## What you need to do
Repeat, word for word and with nothing added, each line from the one containing "공개된 사진에는 커다란" to the final line of the data, keeping both ends. Pictures are not part of the copy.

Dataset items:

────────────────

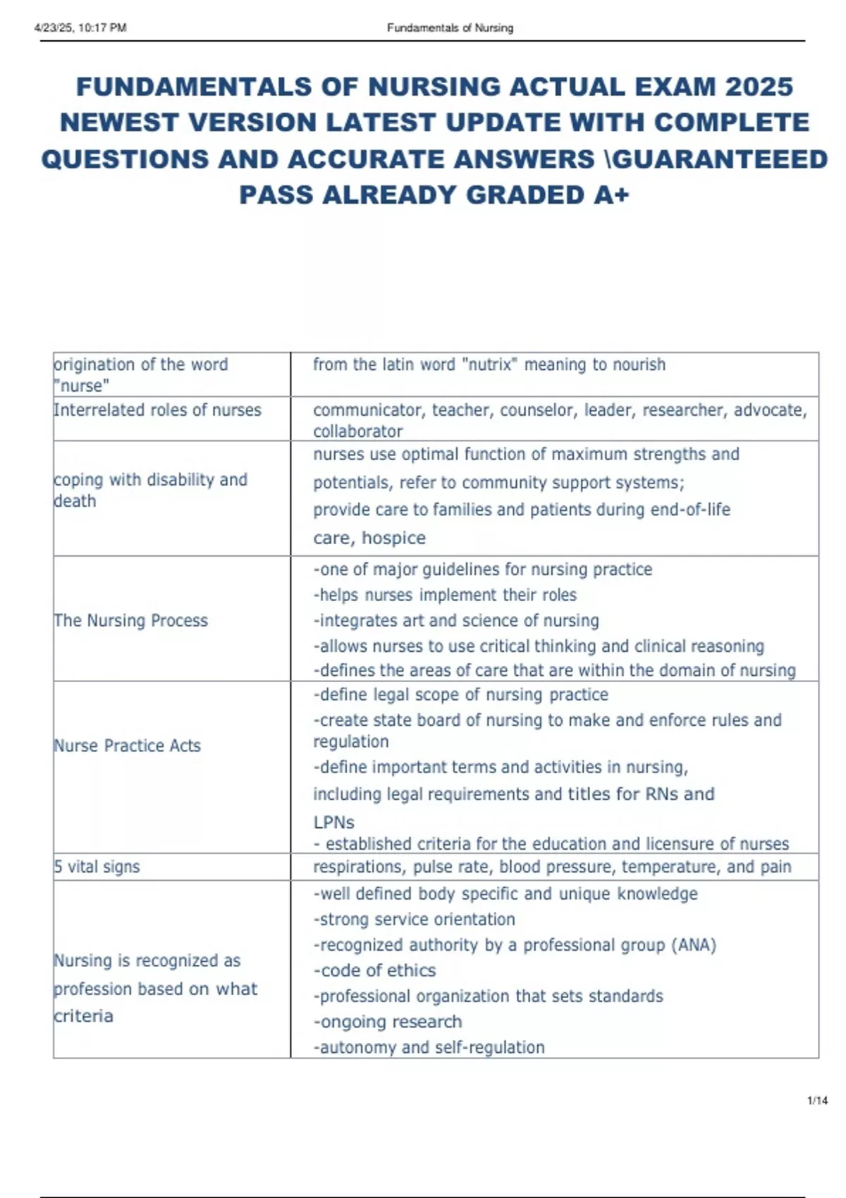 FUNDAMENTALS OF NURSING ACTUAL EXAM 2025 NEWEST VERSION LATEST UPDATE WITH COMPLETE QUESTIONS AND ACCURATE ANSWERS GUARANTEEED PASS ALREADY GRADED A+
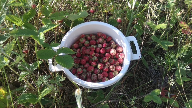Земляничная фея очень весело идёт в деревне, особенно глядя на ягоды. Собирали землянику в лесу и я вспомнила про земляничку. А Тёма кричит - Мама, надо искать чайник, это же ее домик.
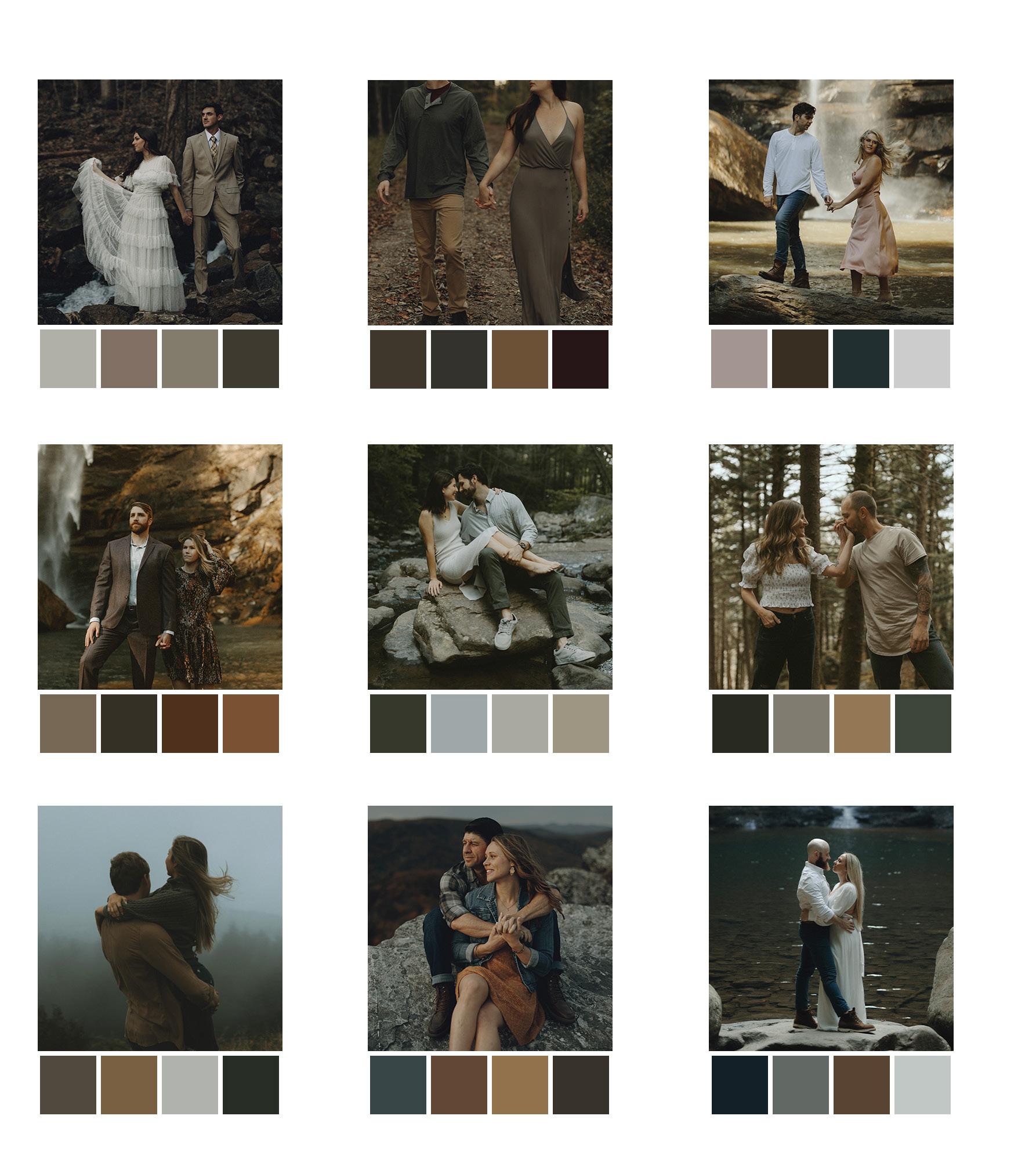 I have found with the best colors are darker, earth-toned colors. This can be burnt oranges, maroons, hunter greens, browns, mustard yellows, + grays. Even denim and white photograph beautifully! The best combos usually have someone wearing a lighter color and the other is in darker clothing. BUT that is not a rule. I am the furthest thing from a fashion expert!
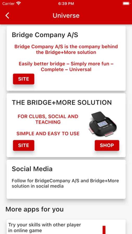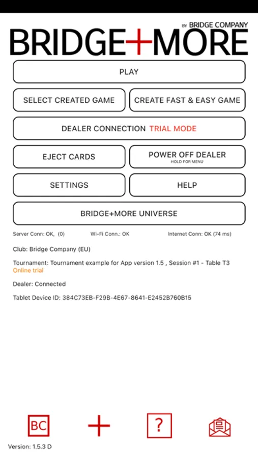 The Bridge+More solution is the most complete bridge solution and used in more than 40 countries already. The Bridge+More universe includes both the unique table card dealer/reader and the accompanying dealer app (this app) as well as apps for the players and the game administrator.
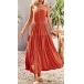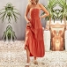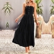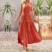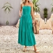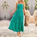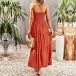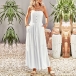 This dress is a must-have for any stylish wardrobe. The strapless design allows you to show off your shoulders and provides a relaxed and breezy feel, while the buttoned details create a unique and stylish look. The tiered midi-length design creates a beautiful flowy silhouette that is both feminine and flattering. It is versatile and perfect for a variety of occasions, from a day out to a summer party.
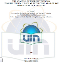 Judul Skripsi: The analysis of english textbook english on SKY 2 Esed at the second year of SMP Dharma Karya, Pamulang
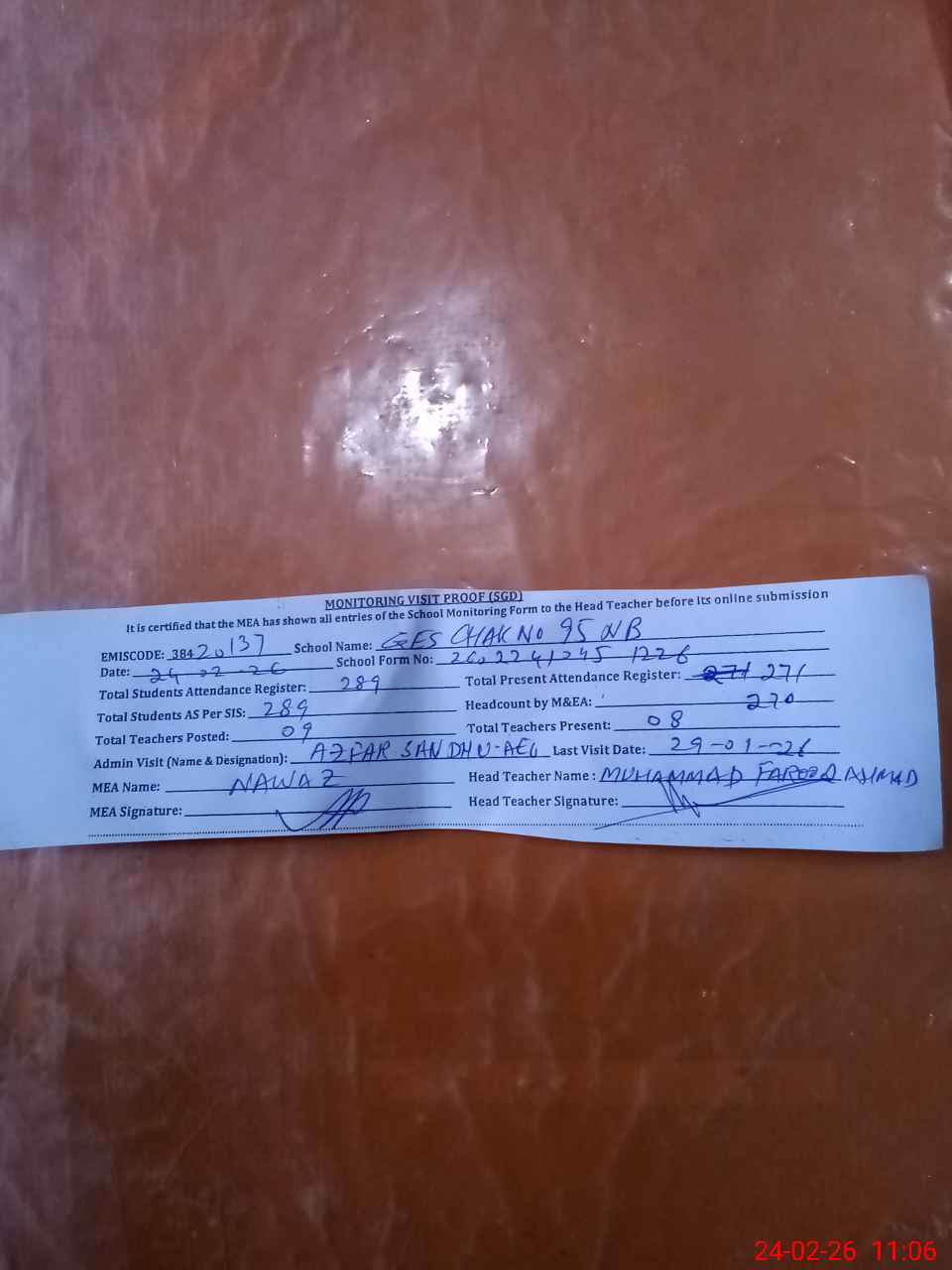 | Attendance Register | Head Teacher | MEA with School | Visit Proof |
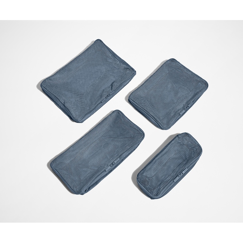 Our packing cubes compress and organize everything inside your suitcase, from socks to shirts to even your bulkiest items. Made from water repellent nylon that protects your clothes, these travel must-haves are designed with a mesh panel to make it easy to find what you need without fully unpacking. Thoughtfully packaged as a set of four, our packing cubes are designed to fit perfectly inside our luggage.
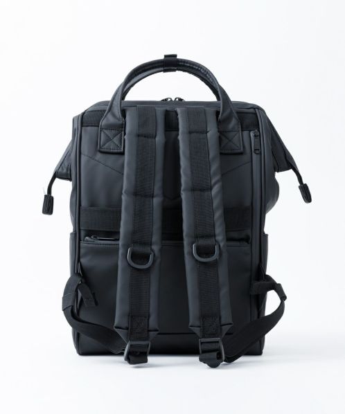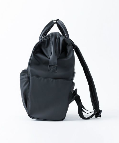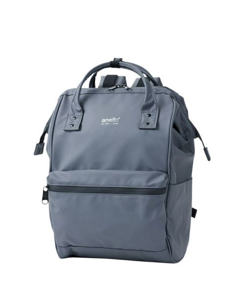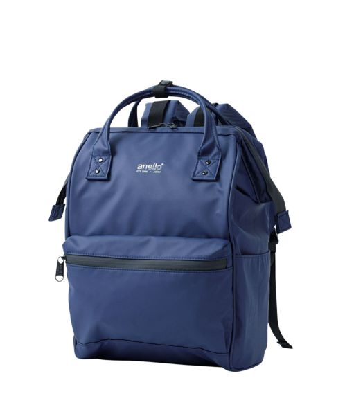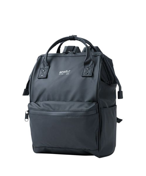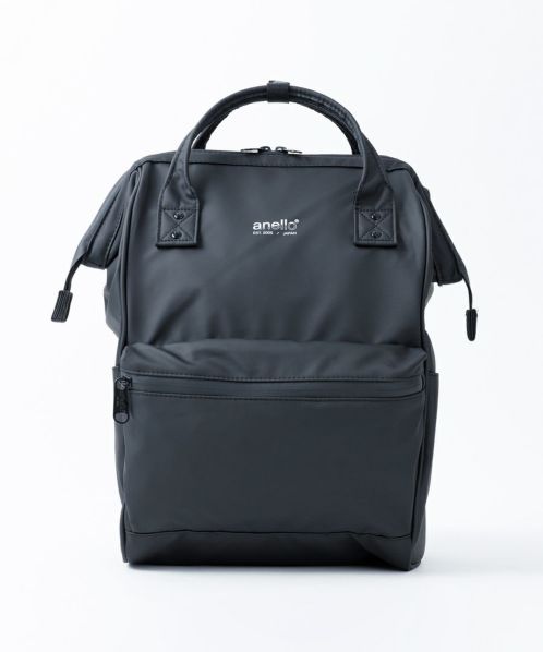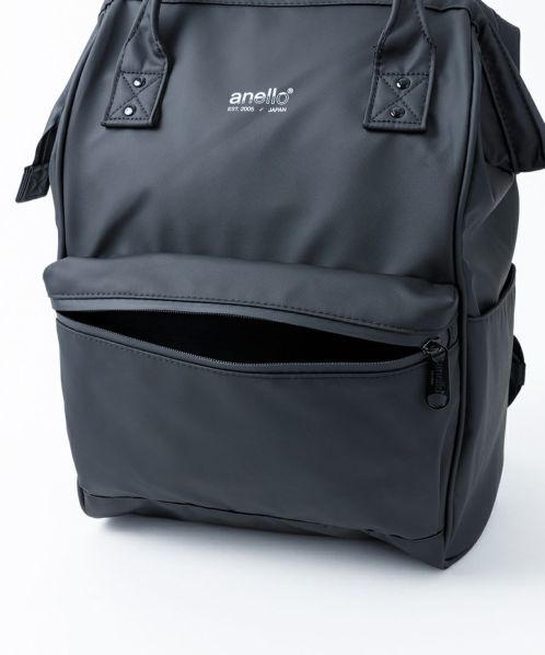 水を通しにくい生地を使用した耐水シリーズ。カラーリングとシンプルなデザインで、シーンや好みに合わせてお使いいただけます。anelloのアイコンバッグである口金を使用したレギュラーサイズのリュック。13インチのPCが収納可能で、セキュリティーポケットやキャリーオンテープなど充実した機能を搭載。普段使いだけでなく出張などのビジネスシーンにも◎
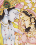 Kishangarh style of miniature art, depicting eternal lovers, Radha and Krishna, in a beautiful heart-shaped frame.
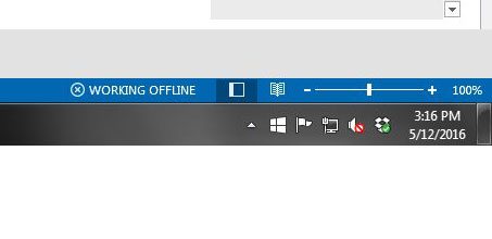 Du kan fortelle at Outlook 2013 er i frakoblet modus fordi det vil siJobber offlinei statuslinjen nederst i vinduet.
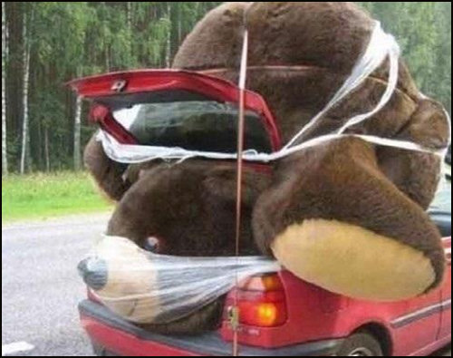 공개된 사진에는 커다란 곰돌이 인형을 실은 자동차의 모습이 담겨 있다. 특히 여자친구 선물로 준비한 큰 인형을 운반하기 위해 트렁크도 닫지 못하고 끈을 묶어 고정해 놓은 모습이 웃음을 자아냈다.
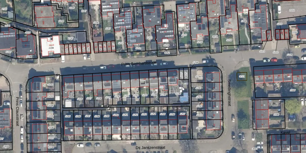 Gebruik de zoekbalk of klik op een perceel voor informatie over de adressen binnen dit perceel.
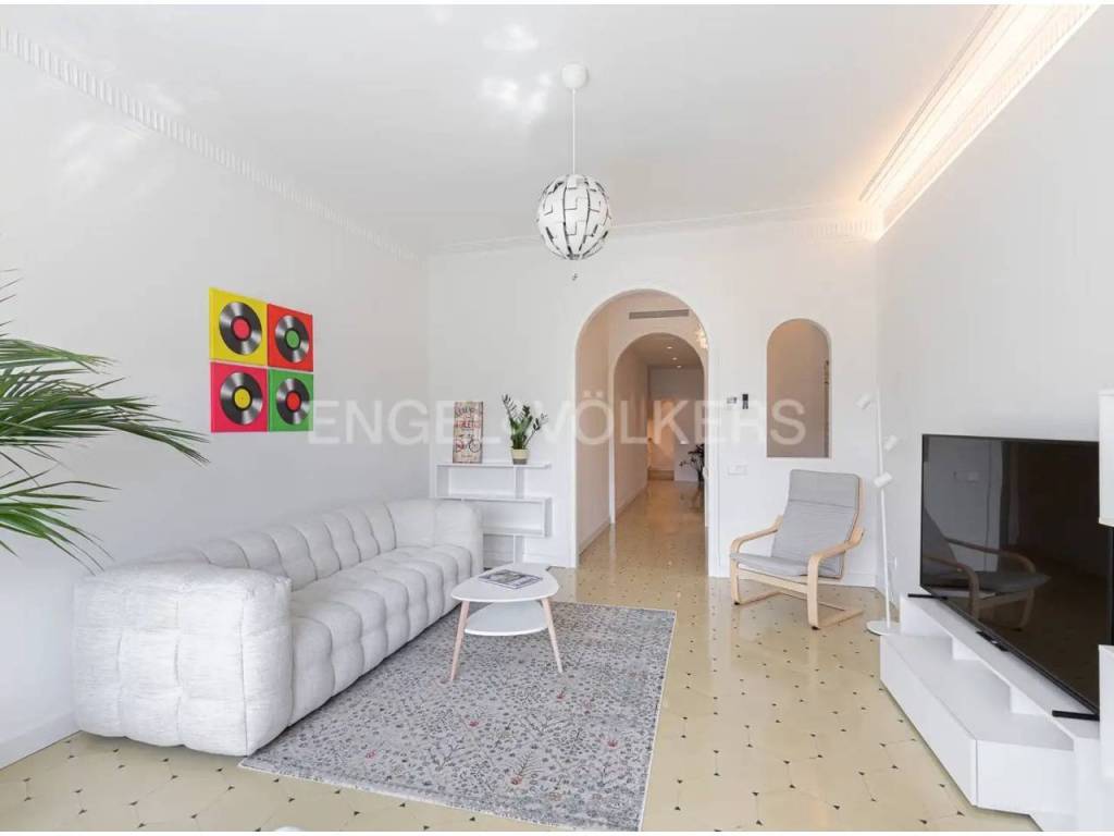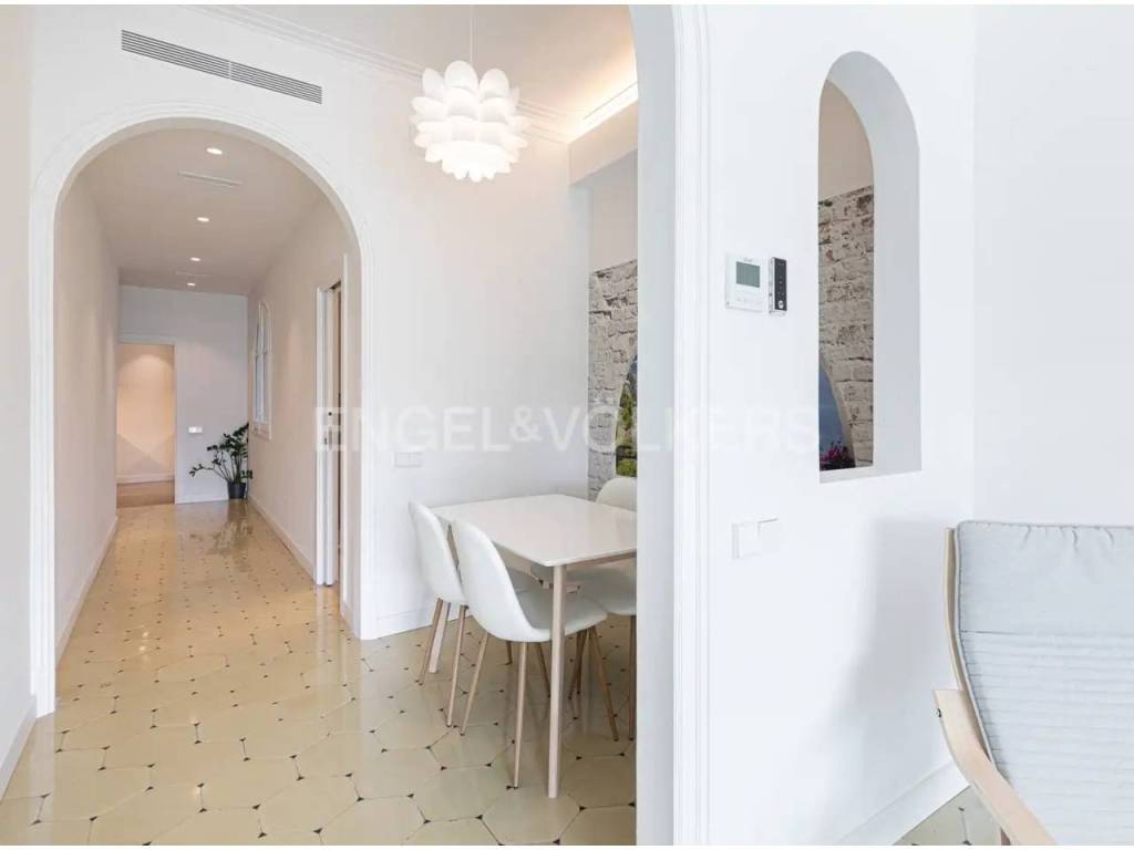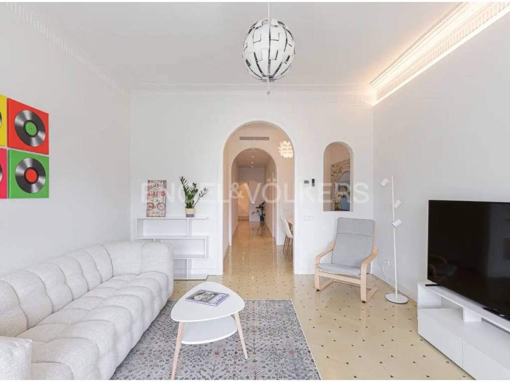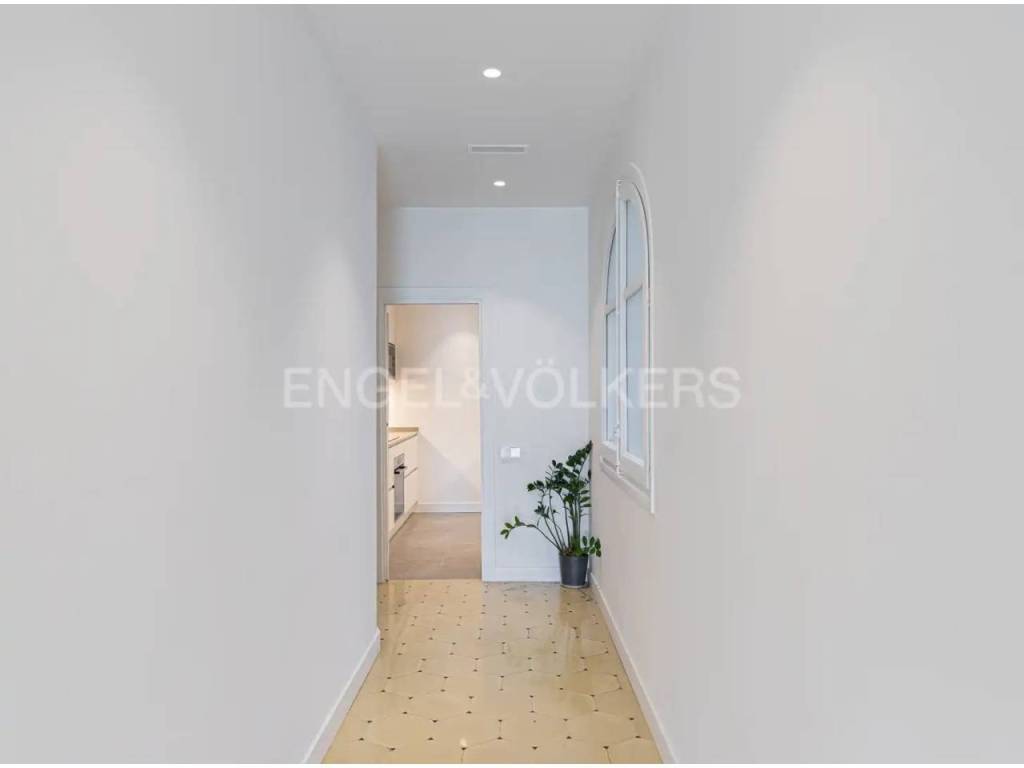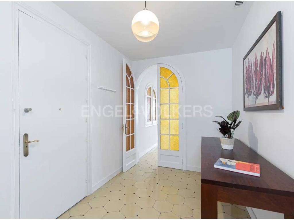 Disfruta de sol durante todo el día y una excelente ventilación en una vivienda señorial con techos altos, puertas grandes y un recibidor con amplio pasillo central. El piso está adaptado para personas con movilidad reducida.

────────────────

## Result for this exercise
 공개된 사진에는 커다란 곰돌이 인형을 실은 자동차의 모습이 담겨 있다. 특히 여자친구 선물로 준비한 큰 인형을 운반하기 위해 트렁크도 닫지 못하고 끈을 묶어 고정해 놓은 모습이 웃음을 자아냈다.
 Gebruik de zoekbalk of klik op een perceel voor informatie over de adressen binnen dit perceel.
 Disfruta de sol durante todo el día y una excelente ventilación en una vivienda señorial con techos altos, puertas grandes y un recibidor con amplio pasillo central. El piso está adaptado para personas con movilidad reducida.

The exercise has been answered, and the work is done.